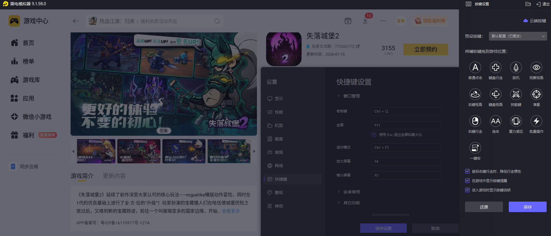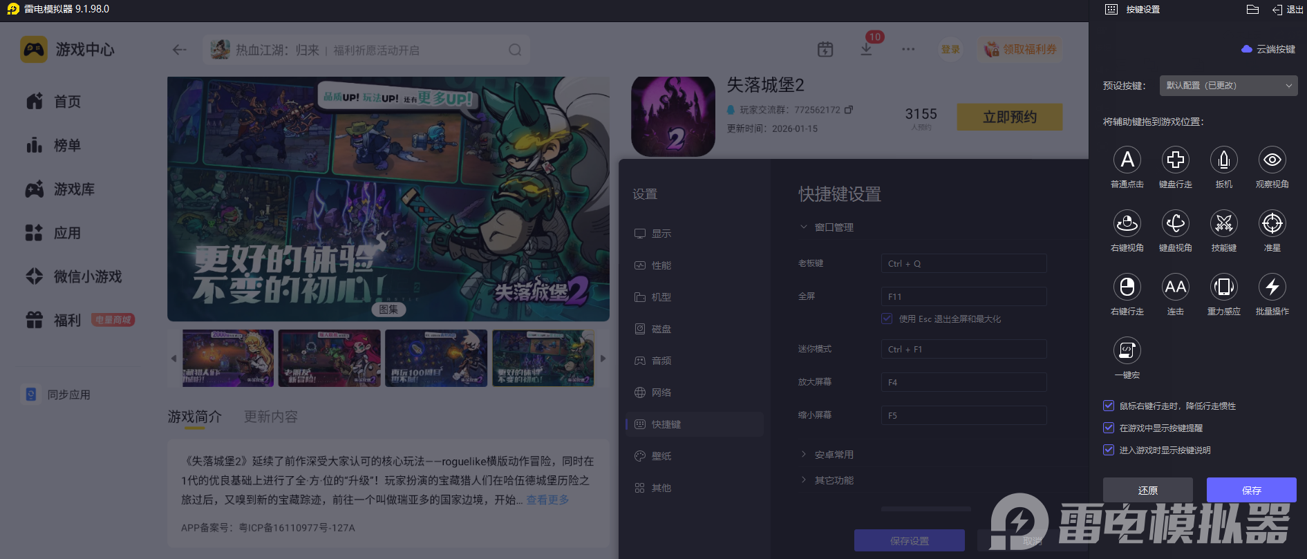 梦魇难度敌人攻击前摇更短、连招更密集,还会频繁出现大范围压制技能,对走位精度、技能释放时机、闪避反应速度要求极高。使用雷电模拟器可实现键盘鼠标自定义操控,方向移动、技能释放、道具使用都能独立绑定按键,操作响应更快更跟手,复杂连招与极限闪避都能稳定打出,大幅降低高难度操作失误率。
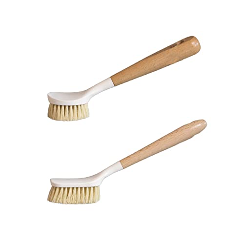 WADC, Spazzola per Piatti in Legno Spazzola per Piatti con Manico Lungo Spazzola per Piatti Resistente Set di Spazzole per Lavastoviglie per Pulire Ciotole, Pentole e Lavelli 2 Pezzi (Colore Legno)
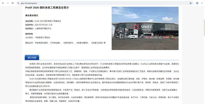 ProSF 2026国际表面工程展览会将于2026年7月15日-17日在上海新国际博览中心由中国表面工程协会举办。本届展会展汇聚电镀、涂装、热喷涂、真空镀、防锈润滑、热浸镀、转化膜等海内外行业材料设备大牌展商,以及涂料成品、涂料辅料、涂料机械等相关行业优质企业。数百家海内外知名菁英展商向行业共同展示新产品、新材料、新技术,体现了当前中国表面工程行业发展的真正实力和水平。
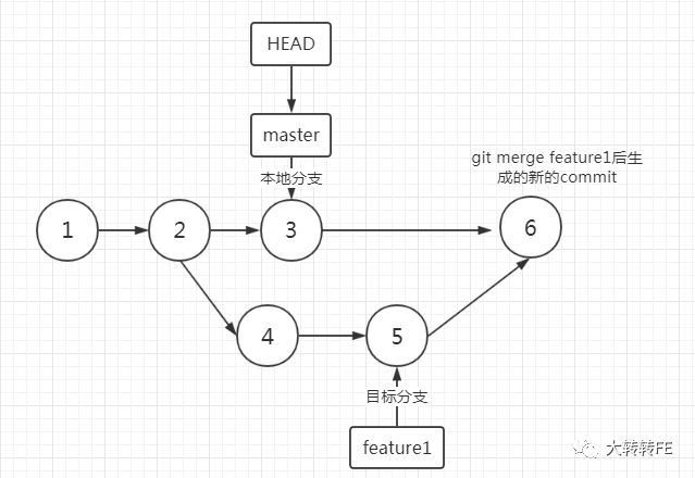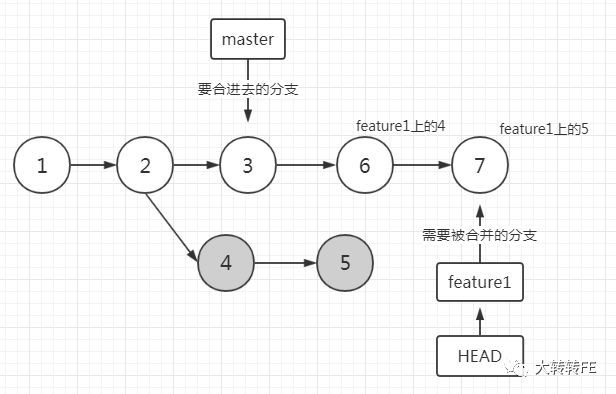 如果当前分支的所有提交另一个分支都包含,就是在上图2的位置合并feature1的内容,这时其实commit记录也就还是一条线,1245,所以把本地的HEAD和分支(例子中是master)也指向feature1的最新commit记录5就可以了。
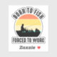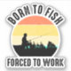 Born To Fish – Forced To Work. This funny vintage fishing accessory is great for men & women who love to catch fish in a lake or river from a boat or on a dock. Perfect for bass, trout, crappie and grouper fishermen and anglers. Do you like to go fly fishing, ice fishing, bass fishing or freshwater fishing? If so, then this fishing humour funny quote design is for you! Features distressed text & a graphic of a fisherman on a dock set against trees & a retro sunset circle.
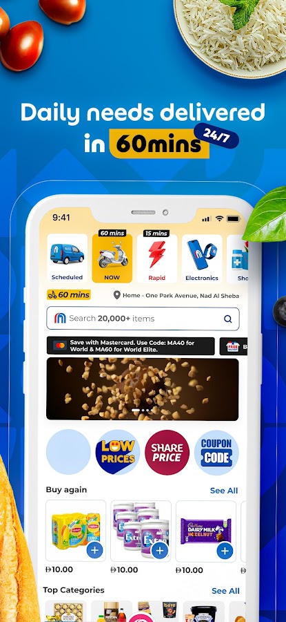 Приложение MAF Carrefour — ваш лучший выбор, когда речь идет о покупках продуктов, электроники, предметов домашнего обихода, бытовой техники, предметов личной гигиены, косметики и многого другого. Выбирайте из огромного разнообразия свежих продуктов со всего мира, готовых к доставке к вашему порогу.
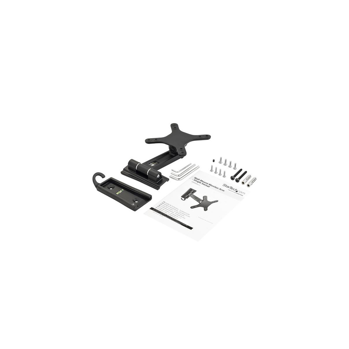 StarTech.com Braccio da Parete per Monitor con Singolo Perno. Peso massimo (capacità): 15 kg, Capienza minima dimensioni dello schermo: 33 cm (13"), Capienza massima dimensioni dello schermo: 68,6 cm (27"), Compatibilità interfaccia di montaggio (min): 75 x 75 mm, Compatibilità interfaccia di montaggio (max): 100 x 100 mm. Angolo di rotazione: -90 - 90°, Inclinazione: -45 - 45°. Colore del prodotto: Nero
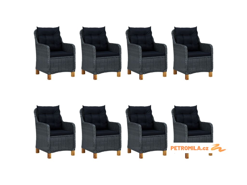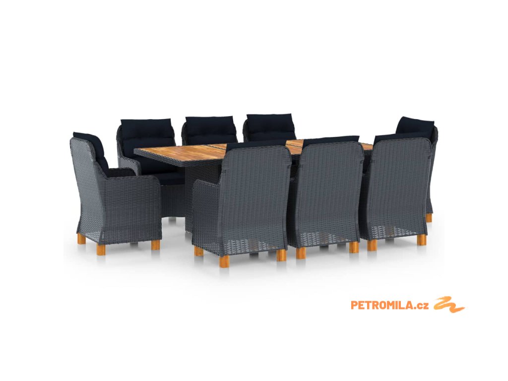 9dílný zahradní jídelní set s poduškami polyratan tmavě šedý
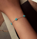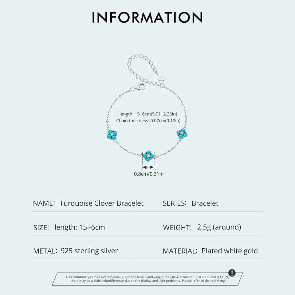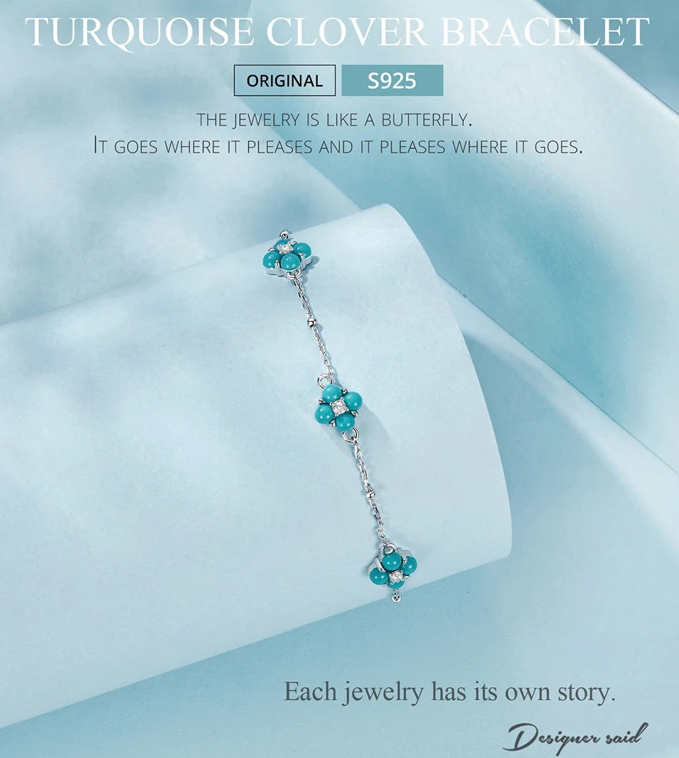 Dale un toque de elegancia natural a tu estilo con nuestra Pulsera de Trébol Turquesa en Plata de Ley 925. Esta impresionante pieza presenta un diseño de trébol de cuatro hojas de hermosa elaboración con vibrantes detalles en turquesa, engastado en plata de ley 925 de alta calidad. Perfecta para añadir un toque de encanto y sofisticación a cualquier look.
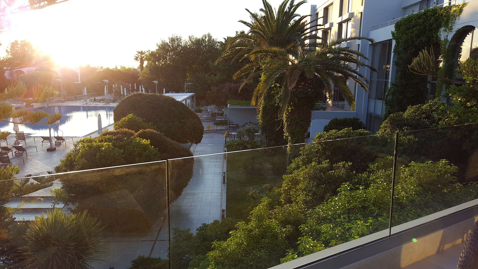 morgendlicher Blick vom Balkon an der Bar auf den Hauptpool (2017)

○ ○ ○

Exercise instructions
Please copy the data shown above word for word, omitting the pictures.

Answer for the task
 梦魇难度敌人攻击前摇更短、连招更密集,还会频繁出现大范围压制技能,对走位精度、技能释放时机、闪避反应速度要求极高。使用雷电模拟器可实现键盘鼠标自定义操控,方向移动、技能释放、道具使用都能独立绑定按键,操作响应更快更跟手,复杂连招与极限闪避都能稳定打出,大幅降低高难度操作失误率。
 WADC, Spazzola per Piatti in Legno Spazzola per Piatti con Manico Lungo Spazzola per Piatti Resistente Set di Spazzole per Lavastoviglie per Pulire Ciotole, Pentole e Lavelli 2 Pezzi (Colore Legno)
 ProSF 2026国际表面工程展览会将于2026年7月15日-17日在上海新国际博览中心由中国表面工程协会举办。本届展会展汇聚电镀、涂装、热喷涂、真空镀、防锈润滑、热浸镀、转化膜等海内外行业材料设备大牌展商,以及涂料成品、涂料辅料、涂料机械等相关行业优质企业。数百家海内外知名菁英展商向行业共同展示新产品、新材料、新技术,体现了当前中国表面工程行业发展的真正实力和水平。
 如果当前分支的所有提交另一个分支都包含,就是在上图2的位置合并feature1的内容,这时其实commit记录也就还是一条线,1245,所以把本地的HEAD和分支(例子中是master)也指向feature1的最新commit记录5就可以了。
 Born To Fish – Forced To Work. This funny vintage fishing accessory is great for men & women who love to catch fish in a lake or river from a boat or on a dock. Perfect for bass, trout, crappie and grouper fishermen and anglers. Do you like to go fly fishing, ice fishing, bass fishing or freshwater fishing? If so, then this fishing humour funny quote design is for you! Features distressed text & a graphic of a fisherman on a dock set against trees & a retro sunset circle.
 Приложение MAF Carrefour — ваш лучший выбор, когда речь идет о покупках продуктов, электроники, предметов домашнего обихода, бытовой техники, предметов личной гигиены, косметики и многого другого. Выбирайте из огромного разнообразия свежих продуктов со всего мира, готовых к доставке к вашему порогу.
 StarTech.com Braccio da Parete per Monitor con Singolo Perno. Peso massimo (capacità): 15 kg, Capienza minima dimensioni dello schermo: 33 cm (13"), Capienza massima dimensioni dello schermo: 68,6 cm (27"), Compatibilità interfaccia di montaggio (min): 75 x 75 mm, Compatibilità interfaccia di montaggio (max): 100 x 100 mm. Angolo di rotazione: -90 - 90°, Inclinazione: -45 - 45°. Colore del prodotto: Nero
 9dílný zahradní jídelní set s poduškami polyratan tmavě šedý
 Dale un toque de elegancia natural a tu estilo con nuestra Pulsera de Trébol Turquesa en Plata de Ley 925. Esta impresionante pieza presenta un diseño de trébol de cuatro hojas de hermosa elaboración con vibrantes detalles en turquesa, engastado en plata de ley 925 de alta calidad. Perfecta para añadir un toque de encanto y sofisticación a cualquier look.
 morgendlicher Blick vom Balkon an der Bar auf den Hauptpool (2017)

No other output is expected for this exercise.